— Тоже верно, — Юшкова поднялась, вышла на кухню. Ноги, как успела заметить Касатонова, у нее были плотные, даже тяжеловатые, но походка легкая.
Теперь, когда хозяйка возилась с кофе, Касатонова смогла, наконец, внимательно осмотреть комнату. Стандарт, полный, унылый стандарт. Стенка с хрусталем, две полки случайных книг, под ногами ковер, в углу телевизор, на журнальном столике пульт управления. И диван, который можно раздвигать на ночь, превращая в нечто двухспальное. Да, над диваном картина, вот картина настоящая, написана маслом, на холсте, хотя рамка простая, вроде, даже самодельная. Картина Касатоновой понравилась — подсолнухи, написанные резко, броско, с обилием краски.
— Хорошая работа, — сказала Касатонова, когда в дверях появилась Юшкова с маленьким подносом.
— Да, мне тоже нравится. В Коктебеле купила. Вернее, купил Балмасов, когда мы как-то оказались в тех краях. Выбирай, говорит. Я и выбрала.

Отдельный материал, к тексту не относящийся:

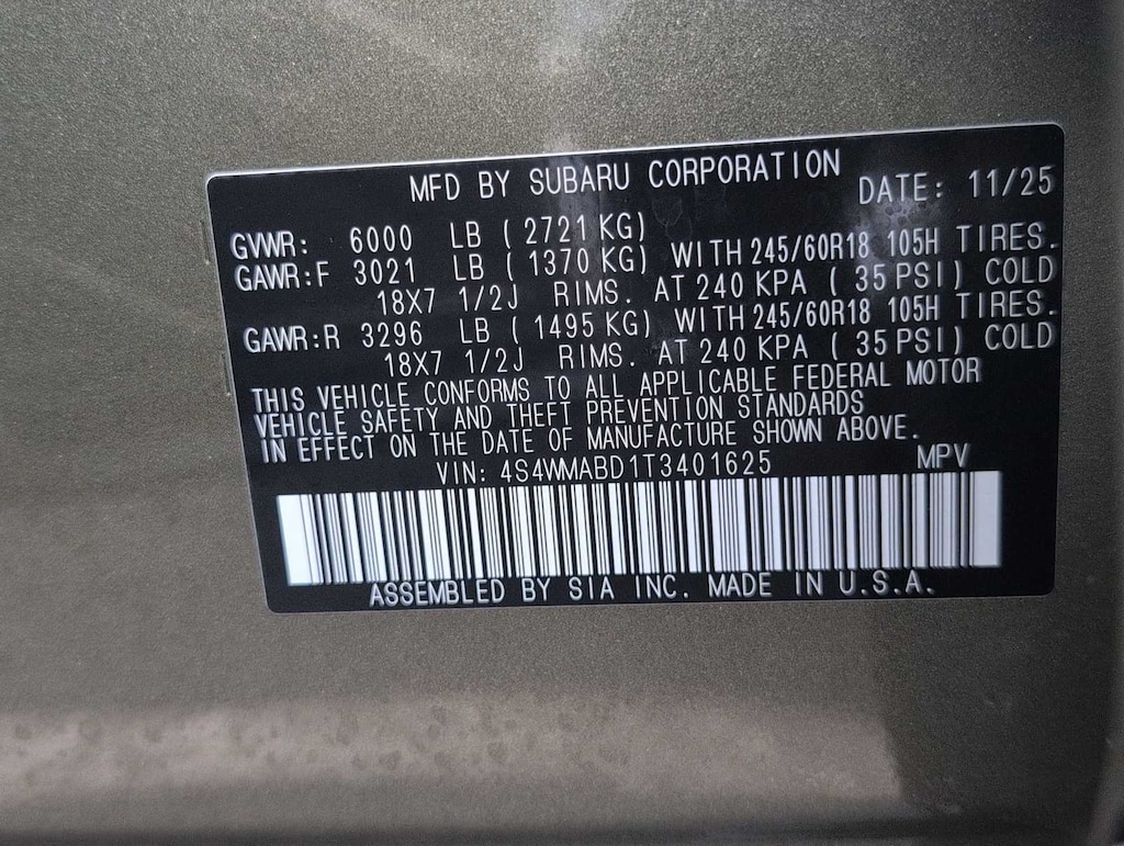 Awd, Eyesight, Remote Keyless Access w/ Push Button Start, Alloy wheels, Rear Vision Camera, Blind Spot Detection, Power Drivers Seat, Power Liftgate, 1 OWNER, NO ACCIDENTS, 3rd row seats: bench, AM/FM radio: SiriusXM with 360L, Apple CarPlay & Android Auto, Auto High-beam Headlights, Auto-dimming Rear-View mirror, Automatic temperature control, Delay-off headlights, Electronic Stability Control, Emergency communication system: MySubaru Companion (5-years free), Exterior Parking Camera Rear, Front dual zone A/C, Front fog lights, Front reading lights, Garage door transmitter: HomeLink, Heated door mirrors, Heated Front Bucket Seats, Illuminated entry, Leather Shift Knob, Leather steering wheel, Power door mirrors, Power Liftgate, Radio: Subaru 11.6 Multimedia Plus System, Standard Model, StarTex-Trimmed Upholstery, Tilt steering wheel, Wheels: 18 x 7.5 J Black Finish Aluminum Alloy. CARFAX One-Owner.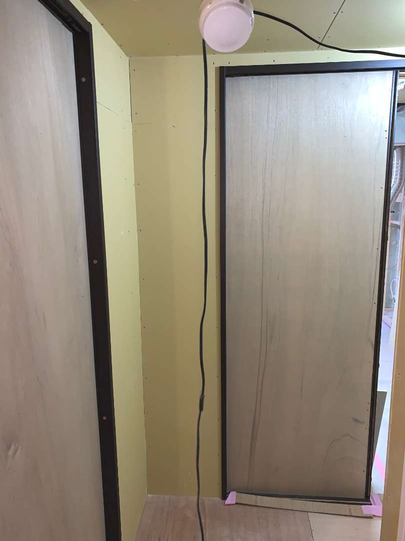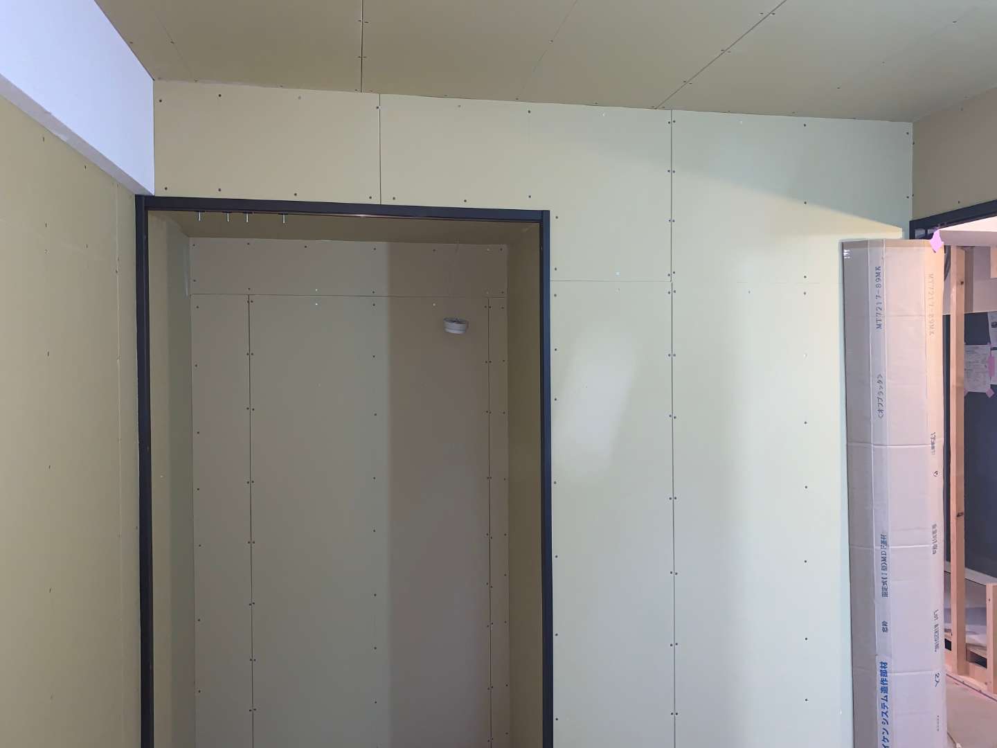 前日に続き、各部屋の壁や天井のボード貼りをしています。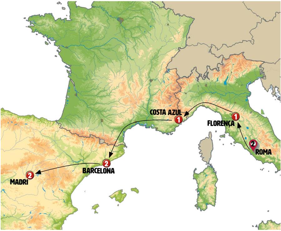 Roma, Florença, Pisa, SESTRI LEVANTE, Montecarlo, Cote D´azur, Arles, Barcelona, Madrid.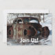 Amusez-vous pour une retraite ou une fête d'anniversaire. Une voiture vintage classique rouillée collée dans l'eau lors d'une journée d'hiver enneigée.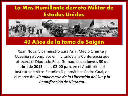 Celebramos en los últimos días el cuadragésimo aniversario de la liberación del Sur y la reunificación de Vietnam, el 30 de abril de 1975, fecha que entró en la historia de nuestro país como un capítulo de oro. Se han efectuado en esta ocasión, además de actos de homenaje a los mártires y héroes nacionales, conferencias, seminarios, encuentros, exposiciones y programas de intercambio artístico. Se reportan actividades conmemorativas en varios países para rememorar este acontecimiento histórico, como en Rusia, Ucrania, Egipto, Argentina, Cuba y Venezuela.

— Будет память, — обронила Касатонова и тут же пожалела о своих словах — прозвучали они двусмысленно.
— О Балмасове? — жестко усмехнулась Юшкова. — У меня и без того достаточно причин помнить его по гроб жизни. Его многие будут помнить. По гроб жизни. Как последнего подонка. И я тоже, — Юшкова поставила поднос с чашками на столик. — Я тоже буду его помнить, как последнего подонка.
— Вы поссорились? — это единственное, что сообразила спросить Касатонова.

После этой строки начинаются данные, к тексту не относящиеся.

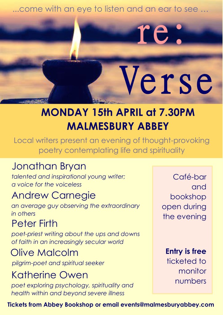 On April 15th I will be taking part in re:Verse at Malmesbury Abbey and contemplating life and spirituality with other local poets. Come and join us for this free evening (ticketed to monitor numbers and available from events@malmesburyabbey.com)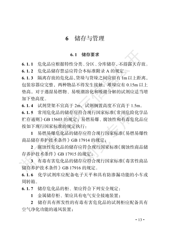 12. ?;返膬Υ媪坎粦?yīng)大于現(xiàn)行國家標(biāo)準(zhǔn)《危險化學(xué)品重大危險源辨識》GB 18218 中?;放R界量的 50%;試劑專用庫房的試劑總儲存量不應(yīng)大于 10t,其中甲類試劑儲存量不應(yīng)大于 3t,且每平方米的試劑儲存量不應(yīng)大于 0.3t。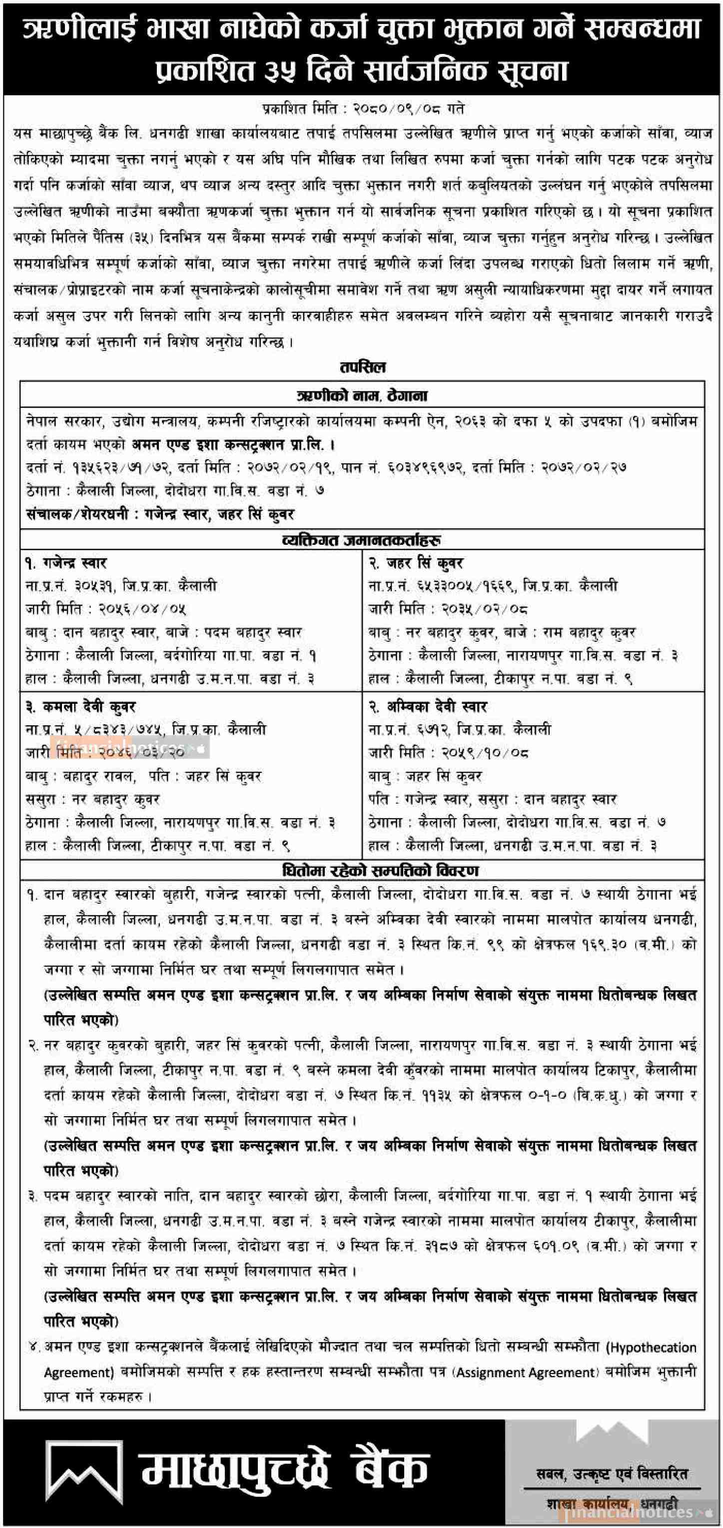 माछापुच्छ्रे बैंकको भाखा नाघेका ऋणहरुलाई कर्जा चुक्ता भुक्तान गर्न आउने बारे सूचना -

— Поссорились? — расхохоталась Юшкова. — Мы прокляли друг друга. Впрочем, честно говоря, проклинала в основном я. Он только уворачивался. Так что передайте своему следователю, что у меня был повод его убить. Как, впрочем, и у многих других.
— У многих?
— Цокоцкому он уже три года не отдает пятьдесят тысяч долларов. И тот, наконец, понял, что уже не отдаст.
— Давно понял?
— Месяца два назад. Произошел между ними разговор и тот понял. Да там и понимать-то особенно не нужно было... Балмасов сказал ему открытым текстом.
Вертись, говорит, возвращай эти деньги как можешь, я мешать не буду. Теперь он и не сможет помешать. Пуля в затылке, тело в морге, кредиторы с носом!
— Откуда вы знаете, что пуля в затылке? — негромко, словно боясь вспугнуть осторожную птицу спросила Касатонова.
— Понятия не имею! — беззаботно хохотнула Юшкова. — Откуда-то мне это известно. В самом деле, откуда? Может, по телевидению сообщили?
— Не сообщали, — все так же тихо, но твердо сказала Касатонова.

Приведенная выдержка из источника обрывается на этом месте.